_Provided data_:
★ ★ ★ ★ ★ ★ ★

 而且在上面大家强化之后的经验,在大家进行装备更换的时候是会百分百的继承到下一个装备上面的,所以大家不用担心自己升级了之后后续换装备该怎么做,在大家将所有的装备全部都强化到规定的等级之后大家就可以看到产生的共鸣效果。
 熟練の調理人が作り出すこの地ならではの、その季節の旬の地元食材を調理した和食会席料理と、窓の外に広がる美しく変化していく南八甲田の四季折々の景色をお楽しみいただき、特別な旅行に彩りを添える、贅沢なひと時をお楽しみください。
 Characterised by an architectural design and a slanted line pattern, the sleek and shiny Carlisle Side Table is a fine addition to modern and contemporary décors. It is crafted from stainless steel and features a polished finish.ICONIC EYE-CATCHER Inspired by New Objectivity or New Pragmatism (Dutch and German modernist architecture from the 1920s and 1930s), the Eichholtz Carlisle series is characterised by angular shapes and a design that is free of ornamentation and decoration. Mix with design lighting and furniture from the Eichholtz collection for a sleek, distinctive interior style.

★ ★ ★ ★ ★ ★ ★

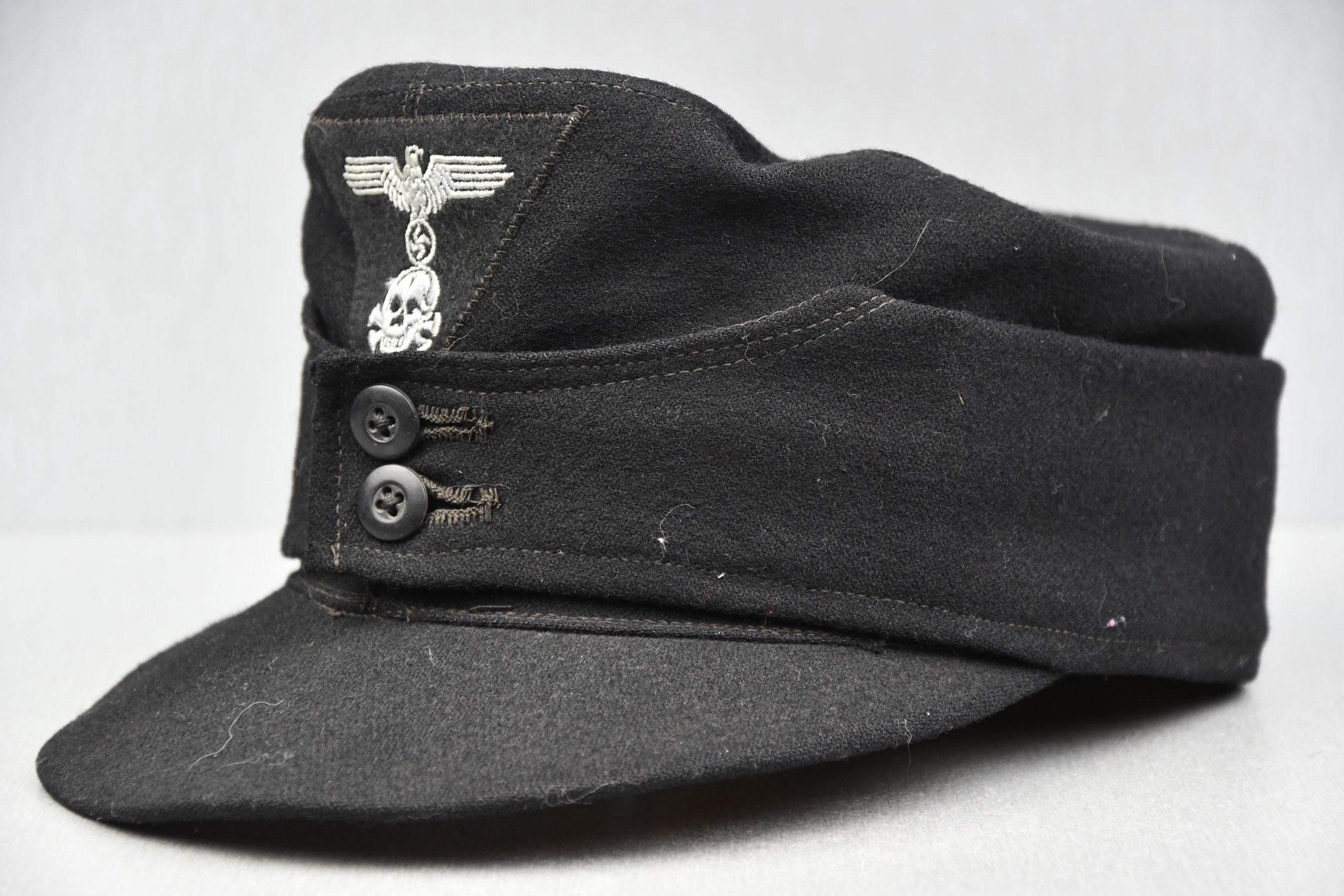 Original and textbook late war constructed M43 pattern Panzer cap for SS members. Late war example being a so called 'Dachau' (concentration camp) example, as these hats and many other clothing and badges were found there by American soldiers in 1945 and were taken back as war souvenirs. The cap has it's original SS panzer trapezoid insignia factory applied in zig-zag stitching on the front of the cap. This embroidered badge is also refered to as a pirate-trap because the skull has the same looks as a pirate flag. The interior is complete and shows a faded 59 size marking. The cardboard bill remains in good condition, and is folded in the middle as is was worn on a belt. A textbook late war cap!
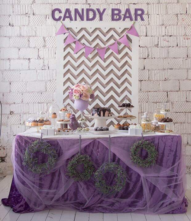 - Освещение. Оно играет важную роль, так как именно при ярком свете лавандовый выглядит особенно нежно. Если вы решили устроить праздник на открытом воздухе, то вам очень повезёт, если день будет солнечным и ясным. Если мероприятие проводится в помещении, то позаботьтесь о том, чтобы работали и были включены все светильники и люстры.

★ ★ ★ ★ ★ ★ ★

_Exercise prompt_: The response must hold only the lines above from the line with "而且在上面大家强化之后的经验" through the line with "Characterised by an architectural", each copied exactly, both ends kept.

_Result of the task_:
 而且在上面大家强化之后的经验,在大家进行装备更换的时候是会百分百的继承到下一个装备上面的,所以大家不用担心自己升级了之后后续换装备该怎么做,在大家将所有的装备全部都强化到规定的等级之后大家就可以看到产生的共鸣效果。
 熟練の調理人が作り出すこの地ならではの、その季節の旬の地元食材を調理した和食会席料理と、窓の外に広がる美しく変化していく南八甲田の四季折々の景色をお楽しみいただき、特別な旅行に彩りを添える、贅沢なひと時をお楽しみください。
 Characterised by an architectural design and a slanted line pattern, the sleek and shiny Carlisle Side Table is a fine addition to modern and contemporary décors. It is crafted from stainless steel and features a polished finish.ICONIC EYE-CATCHER Inspired by New Objectivity or New Pragmatism (Dutch and German modernist architecture from the 1920s and 1930s), the Eichholtz Carlisle series is characterised by angular shapes and a design that is free of ornamentation and decoration. Mix with design lighting and furniture from the Eichholtz collection for a sleek, distinctive interior style.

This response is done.